- _Collected data entries_:
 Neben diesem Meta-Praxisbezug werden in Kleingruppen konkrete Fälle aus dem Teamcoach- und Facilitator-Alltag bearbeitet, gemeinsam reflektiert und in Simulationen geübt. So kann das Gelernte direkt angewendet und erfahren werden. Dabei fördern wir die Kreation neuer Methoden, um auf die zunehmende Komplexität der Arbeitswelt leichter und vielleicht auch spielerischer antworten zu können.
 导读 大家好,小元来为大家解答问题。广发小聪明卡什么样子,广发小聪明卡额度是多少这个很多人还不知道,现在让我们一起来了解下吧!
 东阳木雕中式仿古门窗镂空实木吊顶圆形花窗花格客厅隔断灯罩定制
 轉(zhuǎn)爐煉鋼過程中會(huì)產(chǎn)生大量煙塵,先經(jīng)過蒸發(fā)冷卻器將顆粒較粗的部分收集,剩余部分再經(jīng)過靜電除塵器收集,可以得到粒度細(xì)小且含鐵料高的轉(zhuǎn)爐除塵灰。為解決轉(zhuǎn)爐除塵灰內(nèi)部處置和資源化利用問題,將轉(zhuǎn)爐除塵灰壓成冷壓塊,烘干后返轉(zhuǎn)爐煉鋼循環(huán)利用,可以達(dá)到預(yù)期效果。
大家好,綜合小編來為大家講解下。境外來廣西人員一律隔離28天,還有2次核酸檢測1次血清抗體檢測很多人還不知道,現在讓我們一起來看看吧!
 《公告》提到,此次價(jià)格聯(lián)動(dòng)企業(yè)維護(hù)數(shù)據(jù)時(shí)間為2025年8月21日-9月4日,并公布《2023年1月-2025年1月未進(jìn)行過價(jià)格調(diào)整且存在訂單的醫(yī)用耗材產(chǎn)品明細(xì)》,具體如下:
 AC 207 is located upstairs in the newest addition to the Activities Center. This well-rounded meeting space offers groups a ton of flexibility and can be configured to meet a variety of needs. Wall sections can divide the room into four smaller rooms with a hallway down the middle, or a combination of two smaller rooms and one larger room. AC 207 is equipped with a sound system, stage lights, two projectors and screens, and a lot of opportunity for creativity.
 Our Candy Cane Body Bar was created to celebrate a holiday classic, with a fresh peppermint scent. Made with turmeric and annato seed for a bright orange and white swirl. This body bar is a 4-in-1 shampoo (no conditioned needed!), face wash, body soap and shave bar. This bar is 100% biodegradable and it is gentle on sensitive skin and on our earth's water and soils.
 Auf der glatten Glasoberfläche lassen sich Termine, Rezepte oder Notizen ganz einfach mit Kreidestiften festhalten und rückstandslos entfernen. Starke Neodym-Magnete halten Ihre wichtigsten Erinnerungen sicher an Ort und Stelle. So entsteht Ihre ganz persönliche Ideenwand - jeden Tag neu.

- _Task brief_: The records need to be set down again without a single difference.

- _Response to the task_:
 Neben diesem Meta-Praxisbezug werden in Kleingruppen konkrete Fälle aus dem Teamcoach- und Facilitator-Alltag bearbeitet, gemeinsam reflektiert und in Simulationen geübt. So kann das Gelernte direkt angewendet und erfahren werden. Dabei fördern wir die Kreation neuer Methoden, um auf die zunehmende Komplexität der Arbeitswelt leichter und vielleicht auch spielerischer antworten zu können.
 导读 大家好,小元来为大家解答问题。广发小聪明卡什么样子,广发小聪明卡额度是多少这个很多人还不知道,现在让我们一起来了解下吧!
 东阳木雕中式仿古门窗镂空实木吊顶圆形花窗花格客厅隔断灯罩定制
 轉(zhuǎn)爐煉鋼過程中會(huì)產(chǎn)生大量煙塵,先經(jīng)過蒸發(fā)冷卻器將顆粒較粗的部分收集,剩余部分再經(jīng)過靜電除塵器收集,可以得到粒度細(xì)小且含鐵料高的轉(zhuǎn)爐除塵灰。為解決轉(zhuǎn)爐除塵灰內(nèi)部處置和資源化利用問題,將轉(zhuǎn)爐除塵灰壓成冷壓塊,烘干后返轉(zhuǎn)爐煉鋼循環(huán)利用,可以達(dá)到預(yù)期效果。
大家好,綜合小編來為大家講解下。境外來廣西人員一律隔離28天,還有2次核酸檢測1次血清抗體檢測很多人還不知道,現在讓我們一起來看看吧!
 《公告》提到,此次價(jià)格聯(lián)動(dòng)企業(yè)維護(hù)數(shù)據(jù)時(shí)間為2025年8月21日-9月4日,并公布《2023年1月-2025年1月未進(jìn)行過價(jià)格調(diào)整且存在訂單的醫(yī)用耗材產(chǎn)品明細(xì)》,具體如下:
 AC 207 is located upstairs in the newest addition to the Activities Center. This well-rounded meeting space offers groups a ton of flexibility and can be configured to meet a variety of needs. Wall sections can divide the room into four smaller rooms with a hallway down the middle, or a combination of two smaller rooms and one larger room. AC 207 is equipped with a sound system, stage lights, two projectors and screens, and a lot of opportunity for creativity.
 Our Candy Cane Body Bar was created to celebrate a holiday classic, with a fresh peppermint scent. Made with turmeric and annato seed for a bright orange and white swirl. This body bar is a 4-in-1 shampoo (no conditioned needed!), face wash, body soap and shave bar. This bar is 100% biodegradable and it is gentle on sensitive skin and on our earth's water and soils.
 Auf der glatten Glasoberfläche lassen sich Termine, Rezepte oder Notizen ganz einfach mit Kreidestiften festhalten und rückstandslos entfernen. Starke Neodym-Magnete halten Ihre wichtigsten Erinnerungen sicher an Ort und Stelle. So entsteht Ihre ganz persönliche Ideenwand - jeden Tag neu.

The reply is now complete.